Luring of transferable adversarial perturbations in the black-box paradigm

The growing interest for adversarial examples, i.e. maliciously modified examples which fool a classifier, has resulted in many defenses intended to detect them, render them inoffensive or make the model more robust against them. In this paper, we pave the way towards a new approach to improve the robustness of a model against black-box transfer attacks. A removable additional neural network is included in the target model, and is designed to induce the \textit{luring effect}, which tricks the adversary into choosing false directions to fool the target model.
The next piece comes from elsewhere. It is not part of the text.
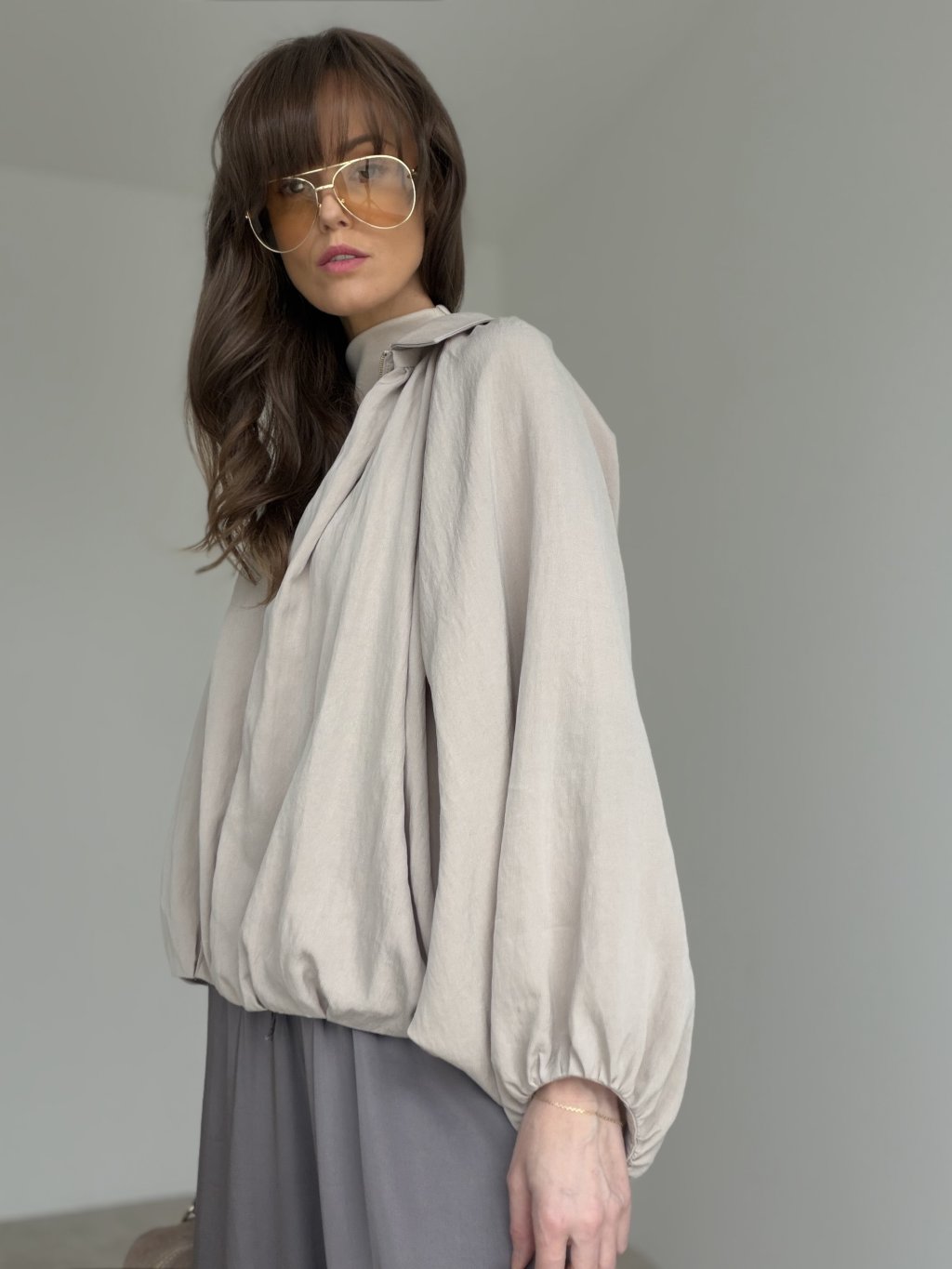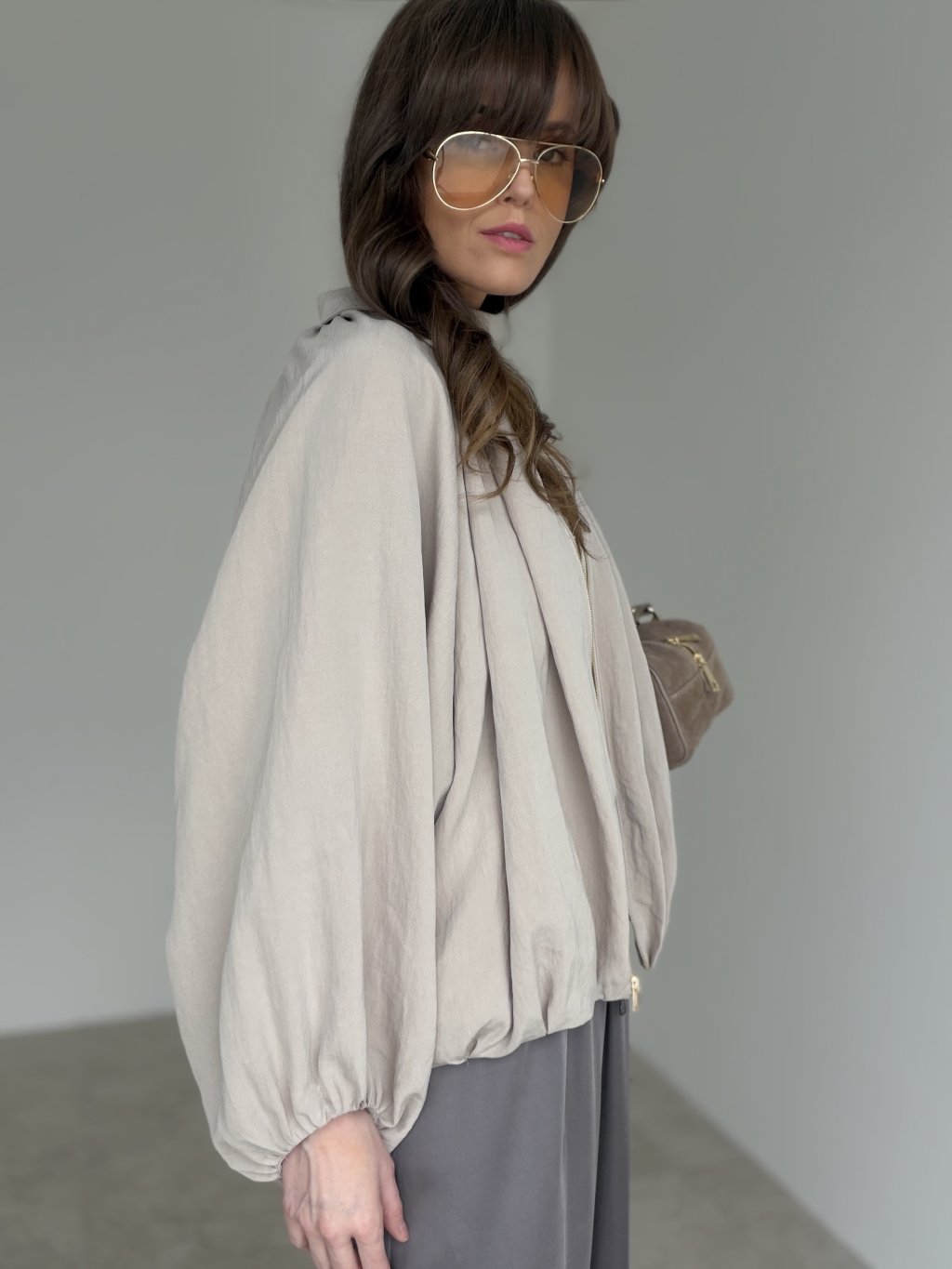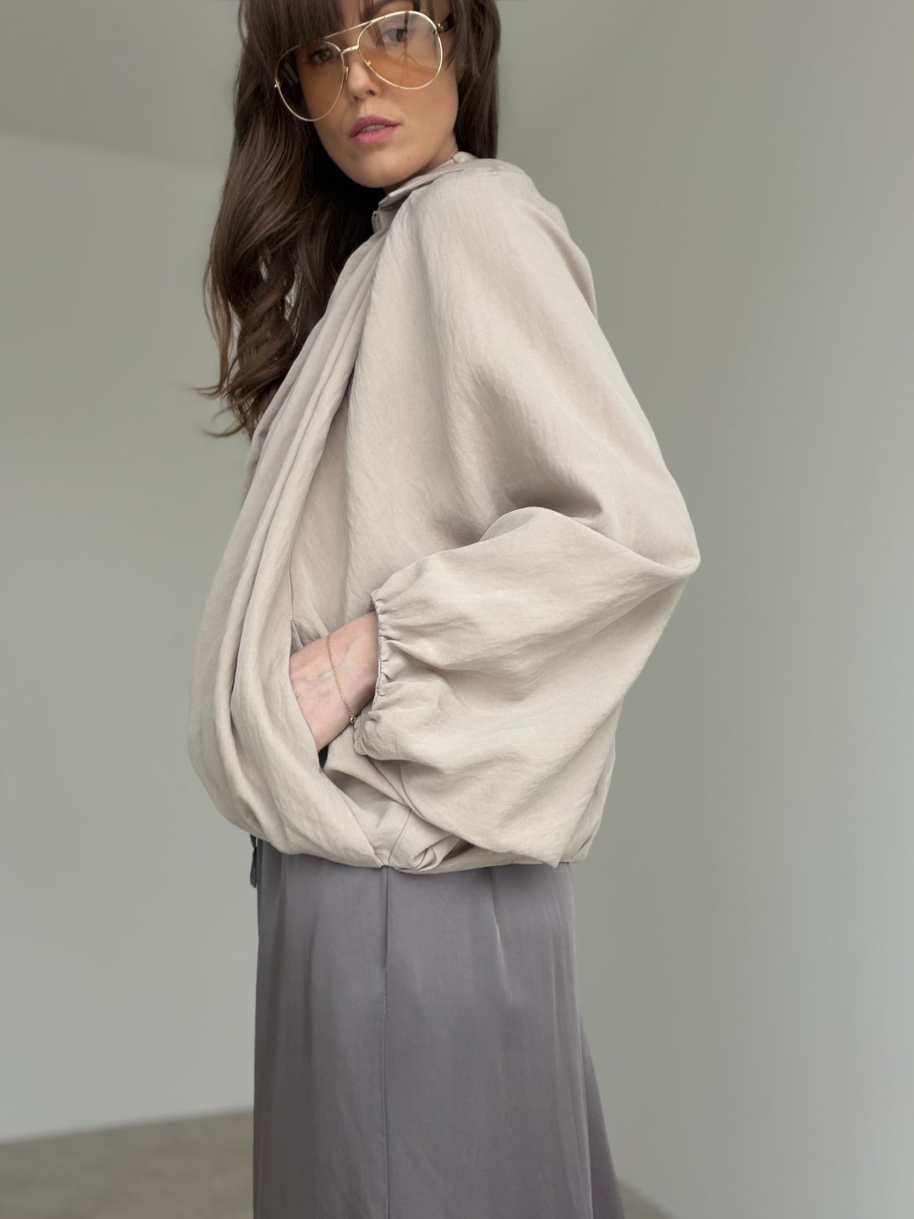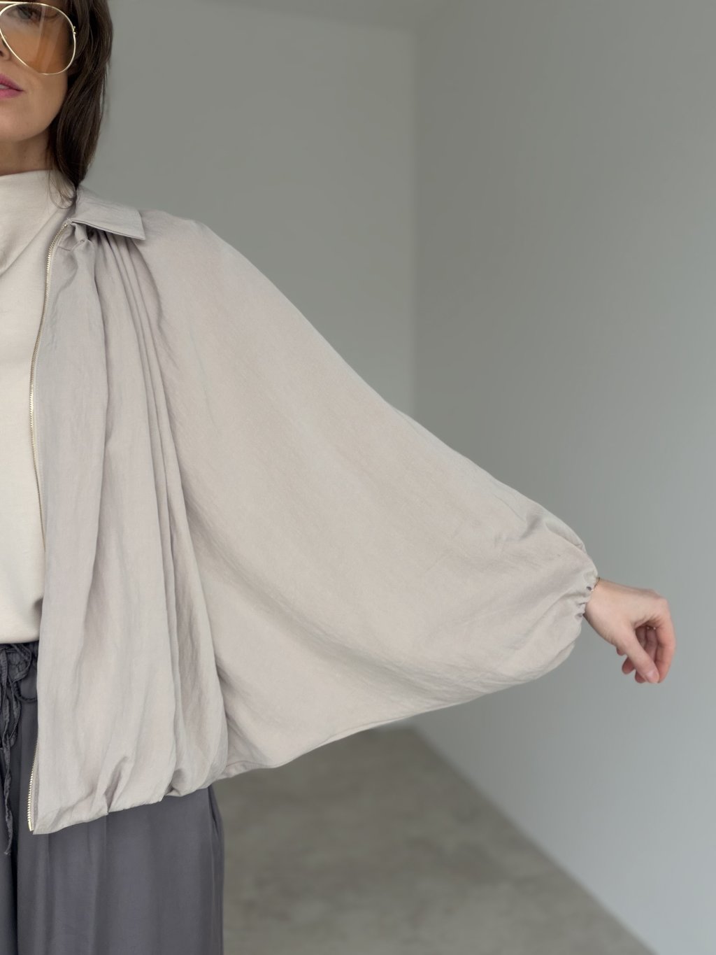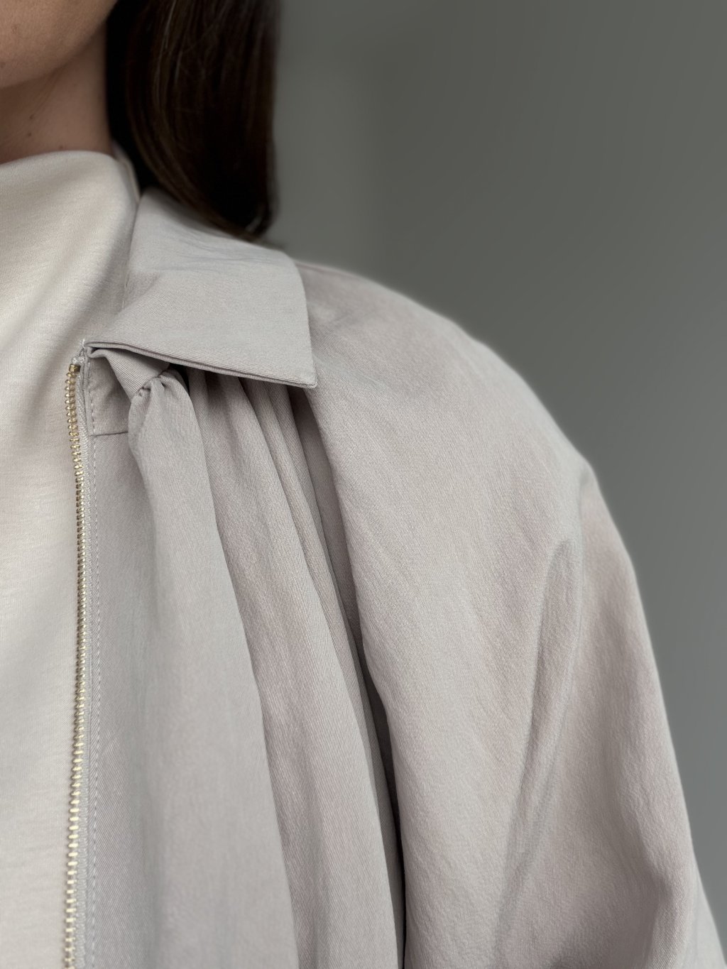 Ľahká lyocellová bunda so zipsom a golierom, s voľnejším strihom a výraznejšími rukávmi. Bunda môže prísť jemne pokrčená, odporúčame šetrné naparovanie.

Training the additional model is achieved thanks to a loss function acting on the logits sequence order. Our deception-based method only needs to have access to the predictions of the target model and does not require a labeled data set. We explain the luring effect thanks to the notion of robust and non-robust useful features and perform experiments on MNIST, SVHN and CIFAR10 to characterize and evaluate this phenomenon. Additionally, we discuss two simple prediction schemes, and verify experimentally that our approach can be used as a defense to efficiently thwart an adversary using state-of-the-art attacks and allowed to perform large perturbations.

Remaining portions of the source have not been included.